Addicted to cheap goods
The race to reinvent industry in the Pearl River Delta masks a fundamental drawback for China’s industrial base and the consumers around the world who have become addicted to cheap Chinese goods.
Guangdong for three decades created one of those rare periods in industrial development where everything came together in the same place at the same time—capital, cheap labor, infrastructure and relative freedom from controls. The world’s biggest ships, carrying up to 19,000 containers, could dock in Shenzhen and fill up with goods for all over the world, none of which was made more than 100 miles away.
By moving elsewhere in China, factories may be able to trim wage bills or gain access to cheaper land, but they lose the concentration of suppliers, logistics and services that Guangdong has built up over 30 years.
Gao Dapeng, CEO of Desay SV Automotive Co., which makes car navigation systems in Huizhou, said the overall cost saving of moving to an inland province like Chongqing is only about 10 percent, and it would mean the plant would be hundreds of miles from its suppliers. He said the company is not sure if the relocation is worth that.
Yet factories in the province continue to close, stirring discontent.
The number of strikes and protests in China doubled last year, according to the China Labour Bulletin. Among the 886 incidents recorded in manufacturing, 267 were in Guangdong, three times as many as the next highest province.
Last year, thousands of workers protested on the streets of Dongguan when Microsoft Corp. decided to close the old Nokia factory that had been operating since the mid-1990s.
Rising discontent has brought a tough response from city officials, according to some workers, who asked not to be identified for fear of retaliation. They said their mobile phones were being monitored by the government.
“None of us likes this situation we’re in but we didn’t have much choice,” said Yu, the factory worker. “The factory owner was going to run out of cash, and the government should take some responsibility.”
Like many of the companies, Yu’s biggest drawback with relocating home to Chongqing is the cost and the upheaval. Her son is in high school and her husband runs a small local restaurant.

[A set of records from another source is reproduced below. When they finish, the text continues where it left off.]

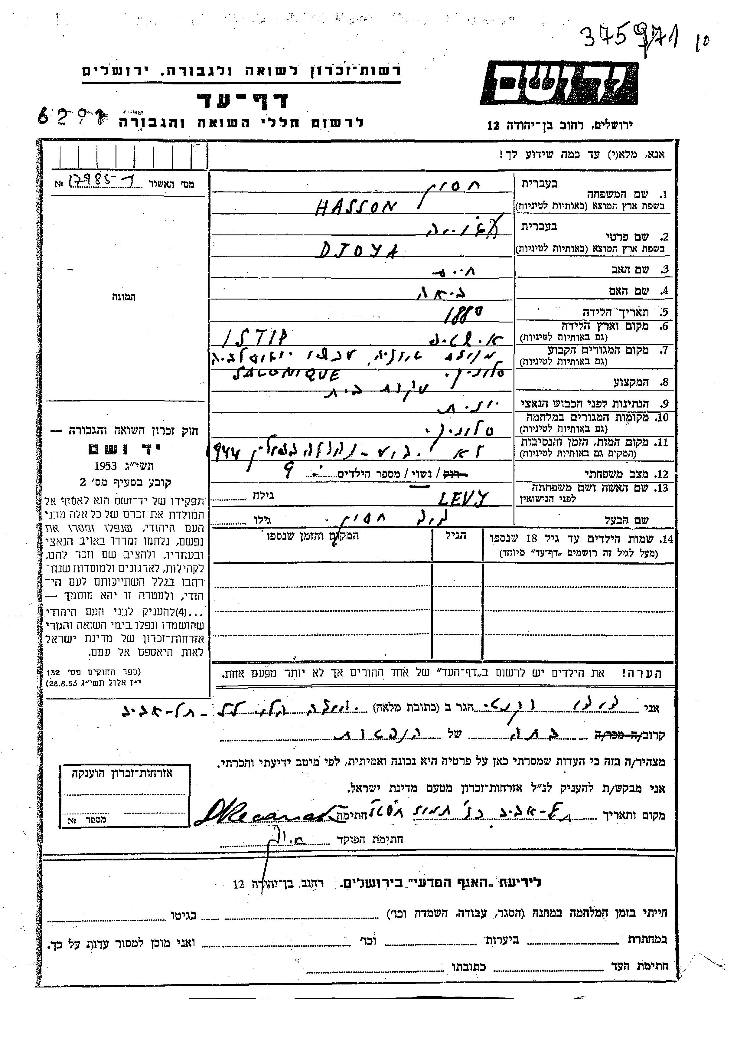 Джоя Хассон, девичья фамилия Леви, место рождения: Югославия. Отец: Хаим, mать:Бая. Домохозяйка. Женат / замужем. Место жительства до войны: Салоники, Греция. Место во время войны: Салоники, Греция.
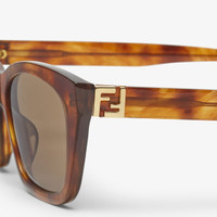 Forever Fendi cat-eye sunglasses made of Havana acetate embellished with FF inlaid in gold-colored metal on the temples. Brown lenses. Made in Italy Composition: 100% acetate Product Code: FOL141V1PF1VJY Product Care: Wash your eyeglasses every day with warm water and a pH-neutral soap.Do not use alcohol, aggressive chemical products or disinfectant wipes and do not dry them with paper or other fabrics that could scratch them or leave streaks.Dry with a clean microfiber cloth.After use, always keep your eyeglasses in their case.
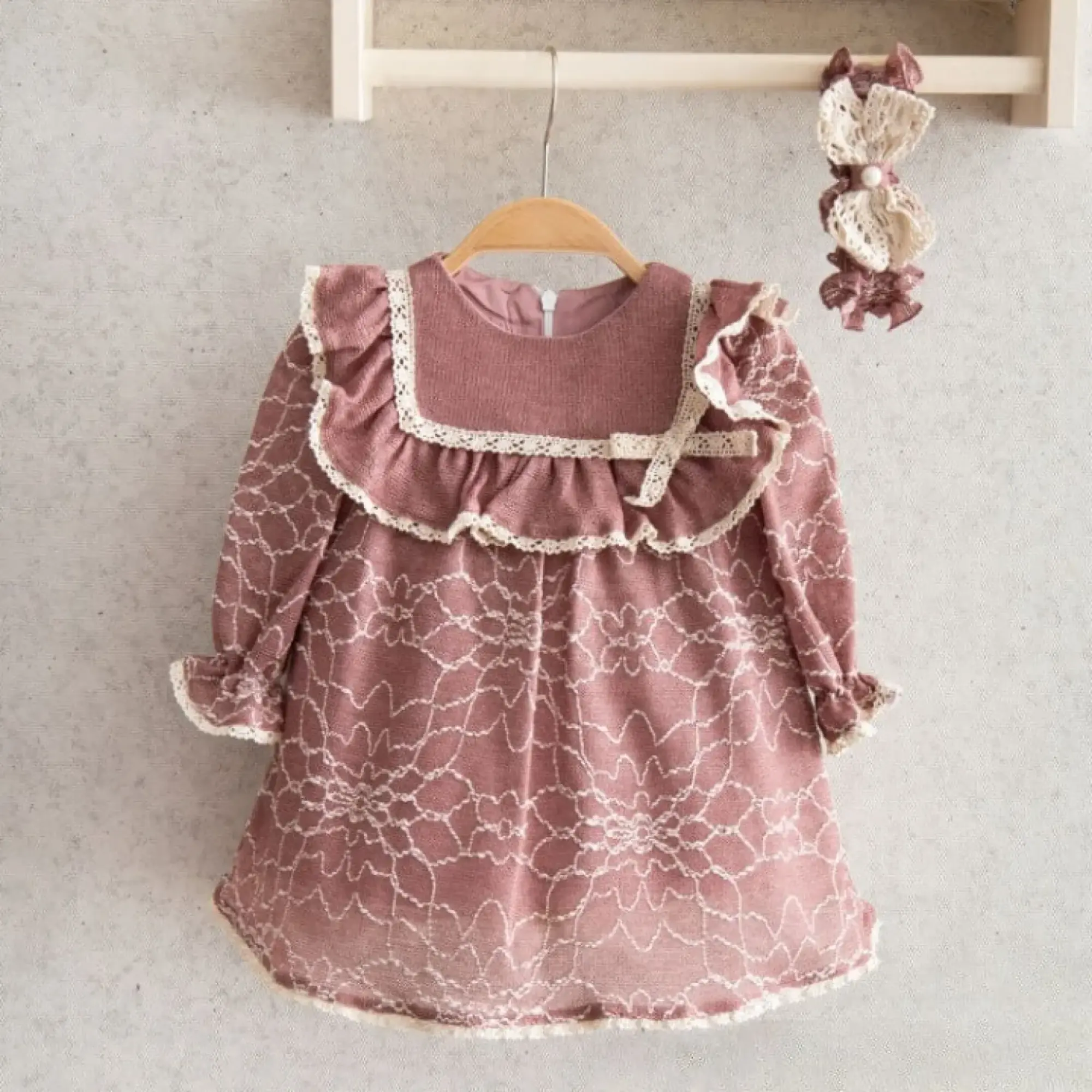 Miomini Elbise Saç Bantlı Triko Kopanakili Gül Kurusu
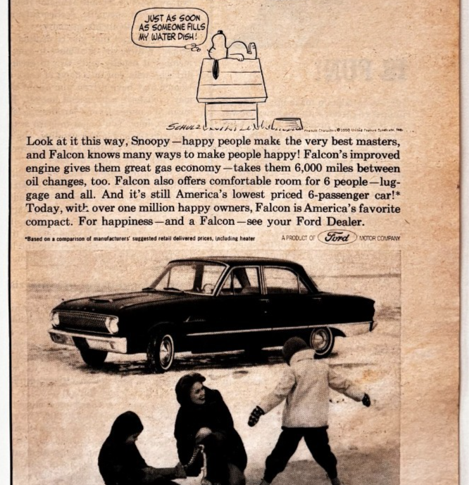 1962 Ford Falcon Advertisement Snoopy Peanuts Cartoon Automobilia DWXX6
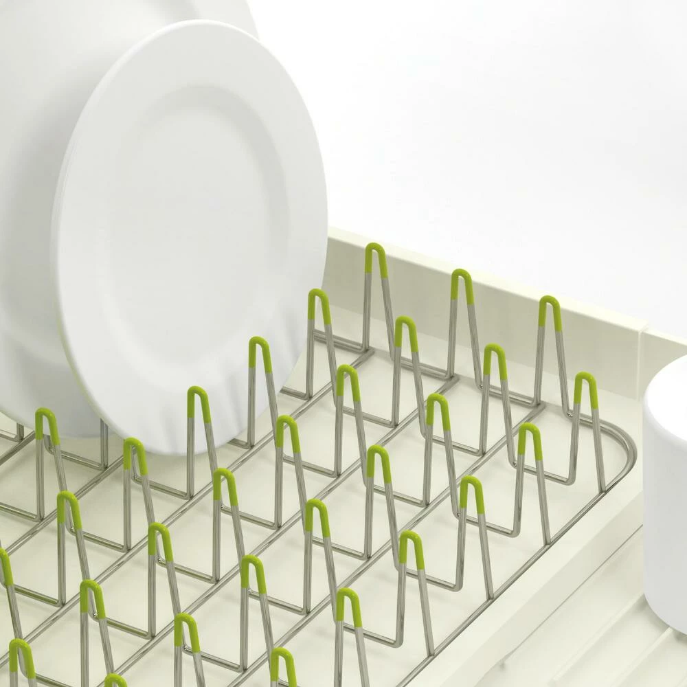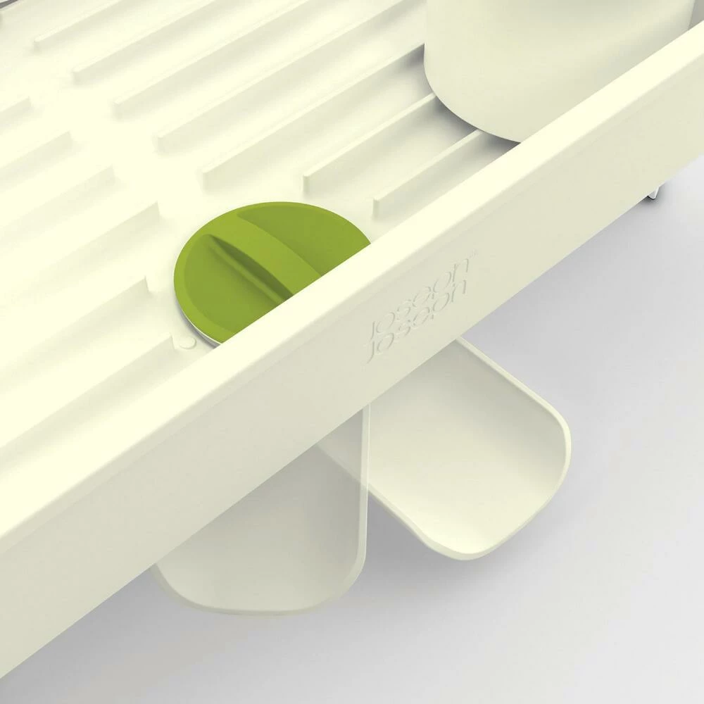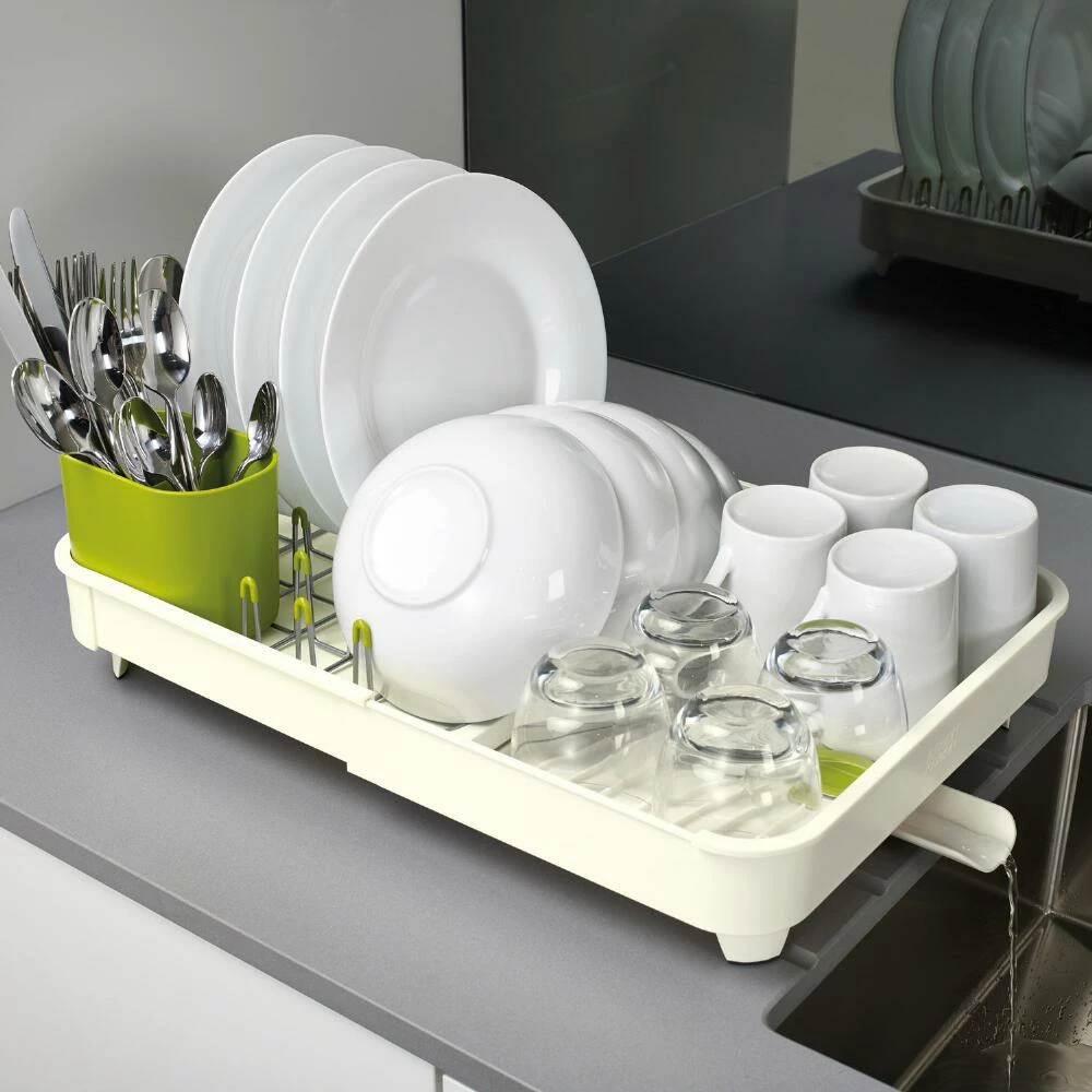 The perfect dish-draining solution for small kitchens, this clever Joseph Joseph dish drainer extends to nearly twice its size on demand. Soft-hued in clean white, this expandable dish dryer features a green adjustable cutlery holder, removable non-scratch drying prongs and a ribbed surface to prevent water from pooling under glassware. Its sloping base directs water to a spout for easy draining whenever you’re ready to pull the plug.

With the new robot-staffed factories, and startups that employ hundreds rather than thousands, many of the millions who came to make Guangdong an industrial superpower may have little choice but to return home.
For Jerry Yang, a production-line manager in his early 40s whose employer has slashed output, that feels like a betrayal. “I sold my youth to Dongguan,” he said. “And look how it treats me.”